Rediscovering Mozart: Bärenreiter’s Piano concerto KV 537

One of the key aspects of a musiciant’s work is the availability of quality standard and editions as updated as possible: these are two of the essential elements of Bärenreiter editions, whose latest publications include a new reduction of Wolfgang Amadeus Mozart’s Piano concerto no. 26 in D major “Coronation” KV 537.

Talking about Piano sonata in A major KV 331, we have already pointed out a concrete problem about sources and a real completeness of several Mozart’s compositions in every particular. To maintain the abovementioned exemple, a passage in the intriduction to the edition is symbolic saying that today we don’t have «one single ultimate musical text», but that KV 331 «is thus located between of the autograph and the first edition»: it’s the task of the scholar or of the performer «to compare them and draw their own conclusions».

Similar remarks can be made for Piano concerto KV 537, one of the most mysterious texts of the entire Mozart’s corpus, that may be considered a special happening: a fundamental problem of this particular piano concerto is the fact that «the left hand of the piano part was left unwritten for large stretches at a time, namely, where it presumably functioned as and accompaniment». The matter becomes severe when we learn that the left hand of the piano part was variously realised by editors that published the work, starting with the first edition André in 1794 (the only one that possesses a certain authority regarding the addition inserted by the editor Johann André that in all likelihood mey have heard personally the première of Piano concerto KV 537 in Frankfurt).
As you would expect, this is a too much extended and complex problem for us to discuss here, so all you need to know is that Bärenreiter edition is based on the music text from Neue Mozart Ausgabe (vol. V/15/8) and, regarding the additions extraneous to Mozart’s manuscript, these are identified by small print to dintinguish them from the rest of the readings deduced from the main sources, namely the autograph manuscript and the first edition.

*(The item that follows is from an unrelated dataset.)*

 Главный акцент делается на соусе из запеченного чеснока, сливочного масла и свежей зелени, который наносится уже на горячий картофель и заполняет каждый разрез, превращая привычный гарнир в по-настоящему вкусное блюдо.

This new Bärenretier’s work, at a first glance too, presents its strong vocation to the practice, with its two volums – the first one with the solo piano part and the second one with both solo and orchestra’s reduction parts – and a booklet with a brief selection of cadenzas (inter alia the monumental cadenzas for the first two movements by Carl Reinecke).
Certainly, the most interesting aspect is, however, the new piano reduction of the orchestral part by Martin Schelhaas. Extremely accurate and refined, this reduction moves greatly away from the previous one: less notes, more comfortable passages for the performer, the piano doesn’t try to mimic the orchestra but pursues a more fascinating aim, that’s the element that makes this edition a funtamental support for players, namely the research of the typical colour and spirit of Mozart’s music. The writing simplicity exactly fits to the refinment of Mozart’s score, exalts his melodic invention, the peculiar harmonic chainings, making the score attractive for a two pianos performance too. 

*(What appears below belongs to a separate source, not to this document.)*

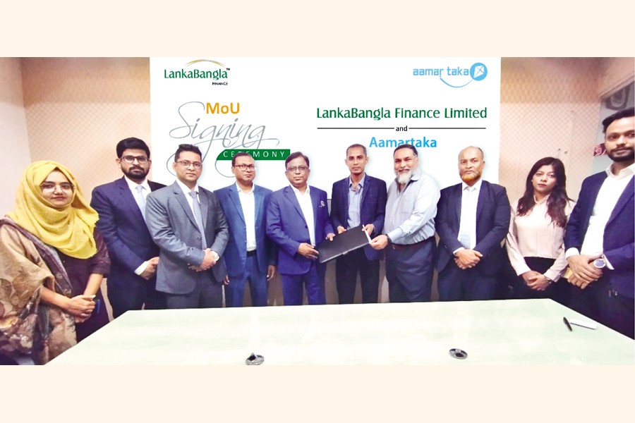 LankaBangla Finance Limited (LBFL) has recently signed an agreement with Aamartaka for its customer privilege. Head of Retail Business of LBFL Khurshed Alam and Managing Director of Aamartaka Md Mahmud Al Maruf Toufiq signed the agreement on behalf of their respective organisations. Under this agreement, from now on "Aamartaka will be sourced the prospective customers for LankaBangla credit cards".

This piano concerto, so unique for the circumstances that gave it birth and for the moltitude of “blank spaces” in the autograph, it’s a work that asks to be studied, performed, reinvented in each performance, and this new piano reduction allows to the players to find their way, delivering them the best means currently at our disposal, accurately chosen by Bärenreiter to place near as much as possible the modern-day performer to the authentic Mozart’s spirit.